## TASK TO COMPLETE
Omit any picture, and return the remaining data exactly as written.

## COLLECTED DATA
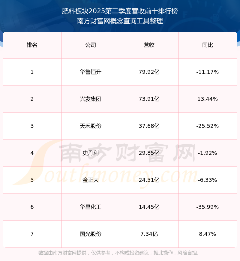 按照南方財富網(wǎng)概念查詢工具統(tǒng)計,該股所屬板塊為肥料板塊,該板塊共有7只股票,興發(fā)集團(tuán)2025第二季度營收在該板塊中排名為第2名,該板塊2025第二季度營收排名前十的股票如下表:
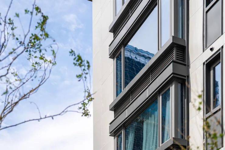 玖晟园整体以国际性、时尚性为定调,外立面采用铝板保温一体板+三玻两腔LOW-E玻璃等产品材料,从设计环节、材料供应、施工过程全方位接轨国际豪宅的营造标准。超大窗墙比设计,更具通透采光性和通风性,以接轨国际前沿审美和产品营造标准呼应嘉兴向前的国际澎湃精神。
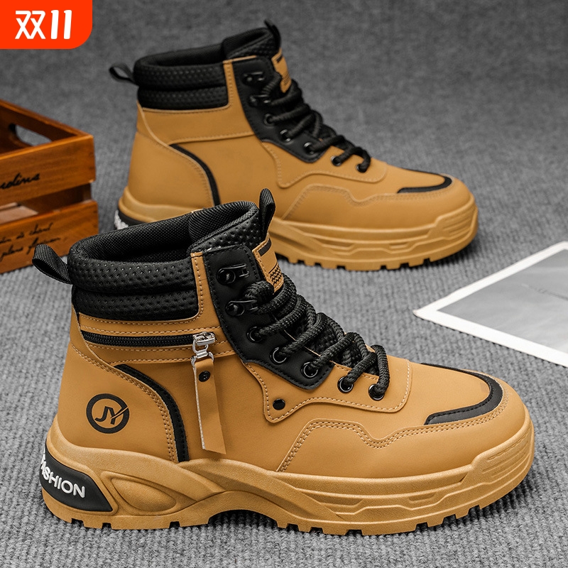 王俊凯同款骆驼金甲大黄靴马丁靴男士防泼水户外休闲高帮工装靴男
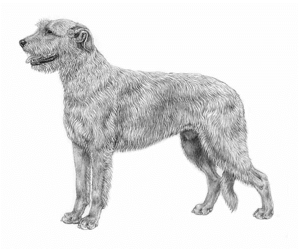 КРАТКАЯ ИСТОРИЧЕСКАЯ СПРАВКА: Известно, что континентальные кельты разводили борзых, вероятно, потомков тех, что изображены на египетских рисунках. Как и их сородичи на континенте, ирландские кельты проявляли интерес к разведению крупных волкодавов. Эти крупные ирландские волкодавы могли иметь гладкую или грубую шерсть, но позднее, возможно, из-за ирландского климата, грубая шерсть стала преобладать. Первый письменный отчет о таких собаках оставил римский консул в 391 г. до н.э., но они уже были известны в Ирландии в I веке н.э., когда Сетанта сменил свое имя на Кухулин (Пес Куланна). Упоминается, что в I веке кельтские племена, уходя в Шотландию, взяли с собой 150 собак с холма Уиснех (Uisneach). Ирландские волкодавы, несомненно, стали основой для породы шотландский дирхаунд. Пары ирландских волкодавов ценились как ценные подарки королевских домов Европы, Скандинавии и других регионов от Средневековья до XVII века. Их отправляли в Англию, Испанию, Францию, Швецию, Данию, Персию, Индию и Польшу. В XV веке каждое графство в Ирландии должно было содержать 24 волкодава для защиты стад от волков. Запрет Кромвеля (1652) на экспорт волкодавов помог сохранить их численность, но исчезновение волков и постоянный спрос за рубежом снизили их численность почти до исчезновения к концу XVII века.

## THE ANSWER
 按照南方財富網(wǎng)概念查詢工具統(tǒng)計,該股所屬板塊為肥料板塊,該板塊共有7只股票,興發(fā)集團(tuán)2025第二季度營收在該板塊中排名為第2名,該板塊2025第二季度營收排名前十的股票如下表:
 玖晟园整体以国际性、时尚性为定调,外立面采用铝板保温一体板+三玻两腔LOW-E玻璃等产品材料,从设计环节、材料供应、施工过程全方位接轨国际豪宅的营造标准。超大窗墙比设计,更具通透采光性和通风性,以接轨国际前沿审美和产品营造标准呼应嘉兴向前的国际澎湃精神。
 王俊凯同款骆驼金甲大黄靴马丁靴男士防泼水户外休闲高帮工装靴男
 КРАТКАЯ ИСТОРИЧЕСКАЯ СПРАВКА: Известно, что континентальные кельты разводили борзых, вероятно, потомков тех, что изображены на египетских рисунках. Как и их сородичи на континенте, ирландские кельты проявляли интерес к разведению крупных волкодавов. Эти крупные ирландские волкодавы могли иметь гладкую или грубую шерсть, но позднее, возможно, из-за ирландского климата, грубая шерсть стала преобладать. Первый письменный отчет о таких собаках оставил римский консул в 391 г. до н.э., но они уже были известны в Ирландии в I веке н.э., когда Сетанта сменил свое имя на Кухулин (Пес Куланна). Упоминается, что в I веке кельтские племена, уходя в Шотландию, взяли с собой 150 собак с холма Уиснех (Uisneach). Ирландские волкодавы, несомненно, стали основой для породы шотландский дирхаунд. Пары ирландских волкодавов ценились как ценные подарки королевских домов Европы, Скандинавии и других регионов от Средневековья до XVII века. Их отправляли в Англию, Испанию, Францию, Швецию, Данию, Персию, Индию и Польшу. В XV веке каждое графство в Ирландии должно было содержать 24 волкодава для защиты стад от волков. Запрет Кромвеля (1652) на экспорт волкодавов помог сохранить их численность, но исчезновение волков и постоянный спрос за рубежом снизили их численность почти до исчезновения к концу XVII века.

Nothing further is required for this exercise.